Clinton looking to pull away in Democratic primaries
Between all 11 contests, there are a total of 595 delegates, who will vote on the eventual party nominee, at stake.
Contests stretch from Vermont in the east to Texas and Georgia in the south.
Rubio, along with Texas Senator Ted Cruz, is scrambling to block Trump’s path to the nomination.
There have been earlier votes in four states.
A CNN poll released Tuesday morning shows that both Sen. In the Democratic race, former Secretary of State Hillary Clinton can go a long way toward silencing concerns about her candidacy with big victories of her own over democratic socialist Bernie Sanders.
Trump also scored wins in Alabama, Tennessee, Arkansas, and MA. That’s nearly half the 1,237 needed to win the Republican nomination. Two-thirds of GOP voters in Texas, Virginia and Georgia, 7 in 10 in Tennessee, and almost 8 in 10 in Alabama supported the proposal, according to the early exit polls.
Super Tuesday has been pivotal for the Clintons before.
Clinton aims for a sweep of Southern states in the delegate-heavy series of primaries and caucuses Tuesday.
On the eve of the polls, Nebraska Senator Ben Sasse became the highest-ranked elected party member to come out and say he would not back him for president.

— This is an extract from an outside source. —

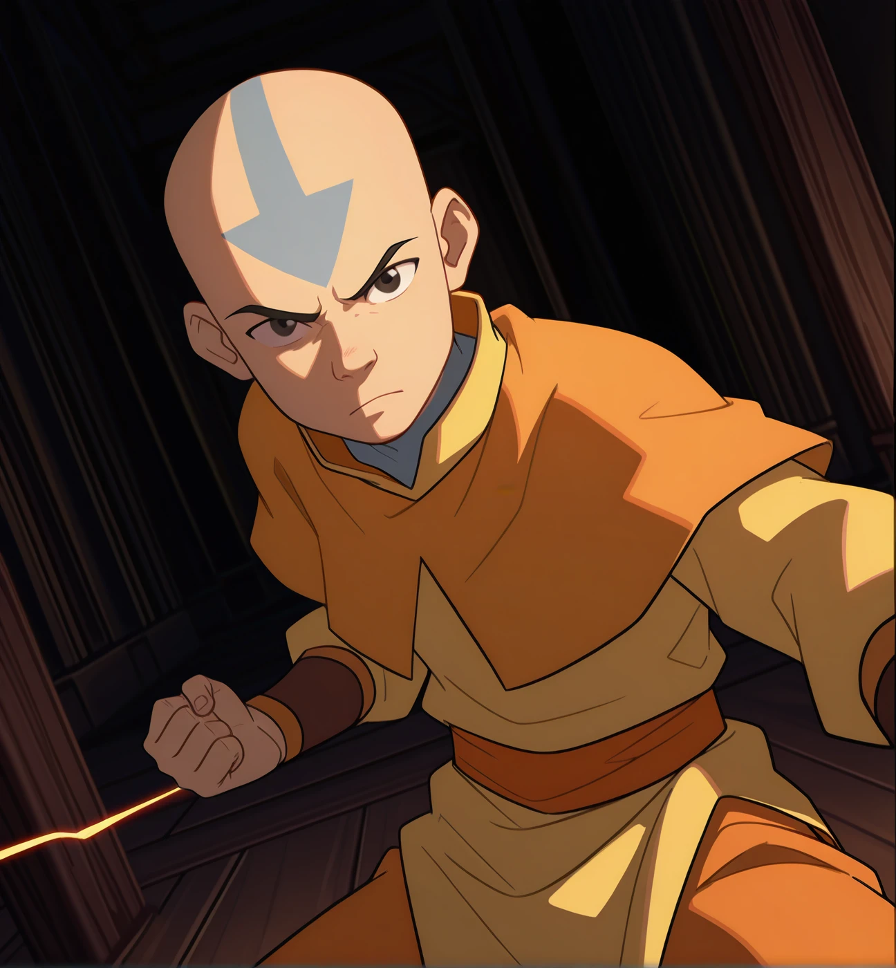 Aang: aang, solo, 1boy, facial mark, tattoo, bald, forehead tattoo, male focus, black eyes, forehead mark, arrow tattoo, orange capelet, long sleeves, yellow sleeves, yellow tunic, orange pants

He has won one contest so far, the New Hampshire primary. “We have to fill in what’s been hollowed out”, Clinton said to a crowd at her headquarters in Miami. “So, I want to do everything I can in this campaign to set us on a different course”. Ted Cruz, are engaged in a frantic effort to stop the billionaire real estate magnate, but it was unclear whether they had made their move too late.
Clinton and her allies have already shifted some attention to Donald Trump, casting the Republican front-runner as divisive and unprepared to lead the country.
Tensions boiled over during a Trump rally on Monday in Virginia, where he was repeatedly disrupted by demonstrators, including 20 or more chanting: “Black lives matter”.
On Tuesday, Mr Trump said he had on several occasions in the past disavowed Mr Duke. He told the network at one point that “there’s nobody who’s done so much for equality as I have”.
The disarray among Republicans comes as Clinton appears to be tightening her grip on the Democratic field.
Mrs Clinton is eyeing black voters in places like Alabama, Georgia and Virginia after taking eight out of 10 black votes in SC. “They seem to have forgotten completely about the issues and are running campaigns on insults”. “If it’s a home run he could get up to 400, but I think 250 is reasonable”, the adviser said.
And on the Democratic side, Sanders was projected to notch a win in his home state of Vermont as well as in Oklahoma.
“What we can’t let happen is the scapegoating, the flaming, the finger-pointing that is going on the Republican side”, she told voters in MA.
“Believe it or not, we’re going to unify this country”, he said.